The first officer’s seat was occupied at impact. The captain’s seat position was in the egress position but it is not known if it was occupied. If the pilots were not incapacitated and were still trying to fly the airplane, it seems they had lost orientation at the time of impact because debris analysis suggest the airplane hit the ocean with a 20-degree nose down and a right bank in excess of 60 degrees.
The investigation report showed that there was no single cause to this accident, but several contributing factors combined that led to the final outcome. These factors are summarized below for the sake of completeness, as we focus on human factors issues. Organizational and design factors — crew training, flammable materials — were also among the latent failures that led to the accident.
2.2 Active failures
2.3 Latent failures
3 Prevention Strategies and Lines of Defense
The investigation report listed a lot of recommendations on the wiring, thermal acoustic insulation materials, smoke detectors, video camera monitoring, halon distribution systems, oxygen system and air conditioning improvements, in-flight entertainment systems, circuit breakers, stand-by instrumentation, certification process, and flammability standards.
We will focus in this section only on the prevention strategies associated with human factors.
Flight crews need to be provided with an in-flight firefighting plan that includes procedures, checklists, equipment and crew training. Early detection and an emergency landing in less than 20 min saved the lives of another crew two years later in a similar case of in-flight fire, though it was not in the cockpit.
Improve in-flight fire fighting training, procedures and checklists
Awareness of crew resource management (CRM) and its associated training has been improved, as has crew selection and knowledge verification.
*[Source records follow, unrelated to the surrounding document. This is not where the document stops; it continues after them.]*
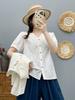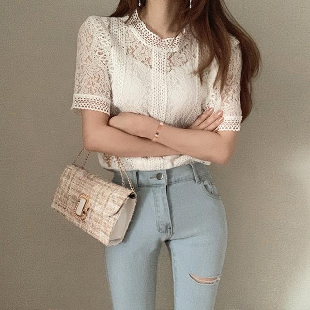 Camisa de Encaje para Mujer 2023 Verano Nueva Color Puro Cuello Redondo Manga Corta Crochet Calado Holgada Versátil Estilo Extranjero Camisa para Mujer
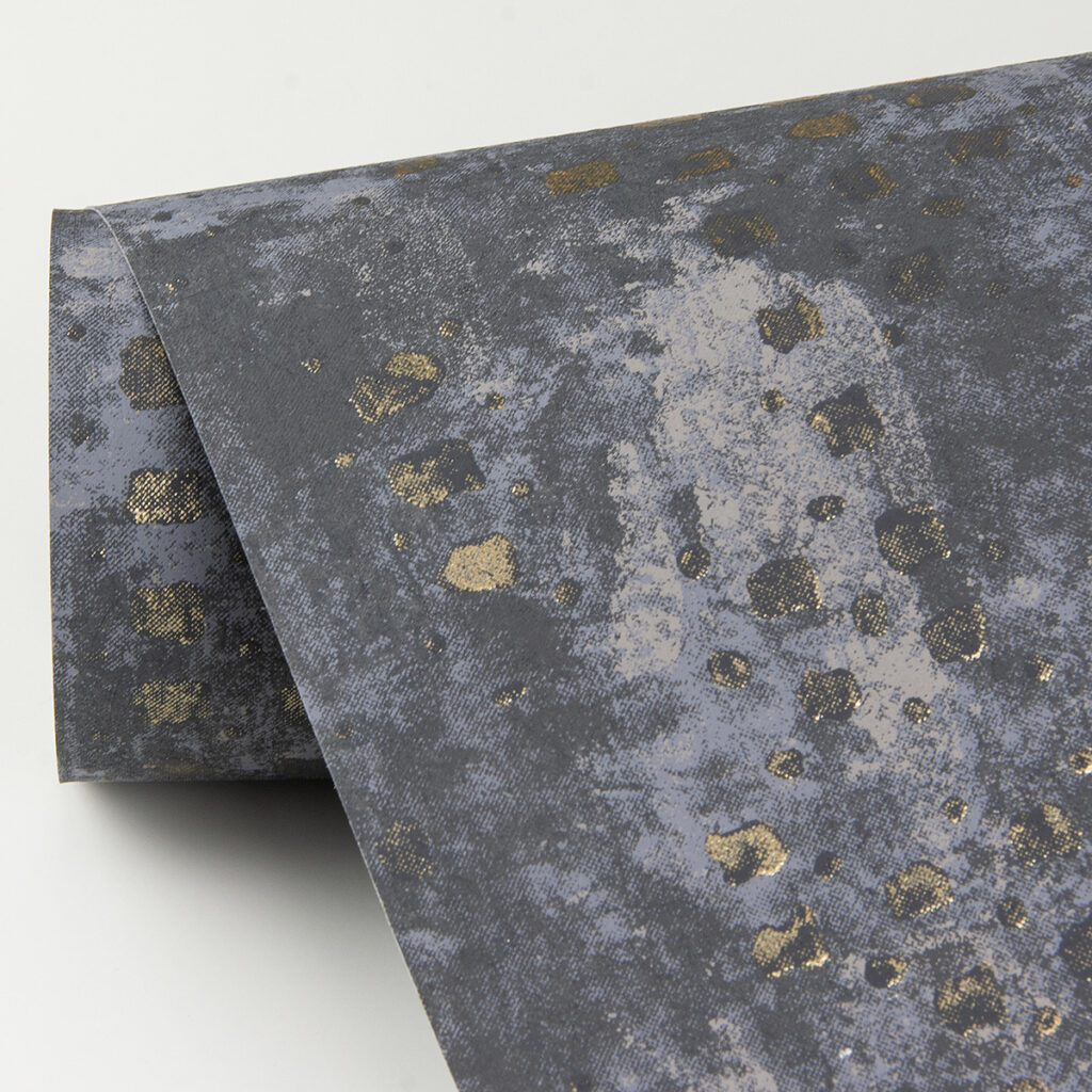 This geometric wallpaper marries sophisticated design with industrial appeal. A rich, steely blue and grey backdrop is studded with square blots of bronze raised inks with a subtle, matte metallic finish. Felsic is an unpasted, non woven wallpaper.
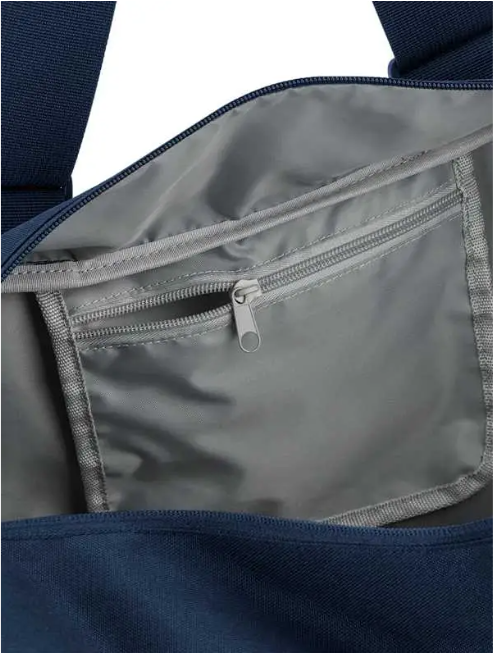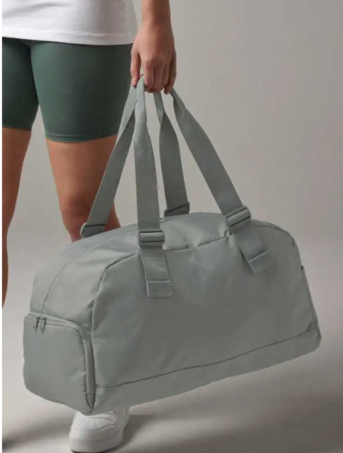 100% poliestere 600D riciclato rPET, equivalente a circa 14 bottiglie post-consumo, senza PVC. Borsone con tasca interna con cerniera, compartimento per scarpe/tasca impermeabile, tasca esterna aperta, manici a tracolla regolabile. Etichetta removibile TearAway. Poliestere riciclato certificato GRS - Control Union CU811033.

Flight manuals, checklists and emergency procedures have been reviewed and updated. Furthermore, procedures for entry into service of new aircraft have also been improved.
Improve CRM training and technical knowledge
In addition to new procedures, better training and CRM, design and systems interfaces also were improved. Access to difficult-to-reach areas to permit fire fighting has been improved.
4 Summary of Key Points
After 53 min on a transatlantic flight eastbound at FL 330, the crew smelled an abnormal odor. They diagnosed the origin as being in the air conditioning system and 13 min later, the flight deck was filled with smoke. The crew sent the international urgency signal and was cleared to divert to the nearest airport. While approaching the airport, the crew declared an emergency, and several minutes later the airplane struck the sea at high speed. The airplane was destroyed, and there were no survivors.
Understanding the complete picture underlying why this accident occurred can prevent other crews from falling into similar traps.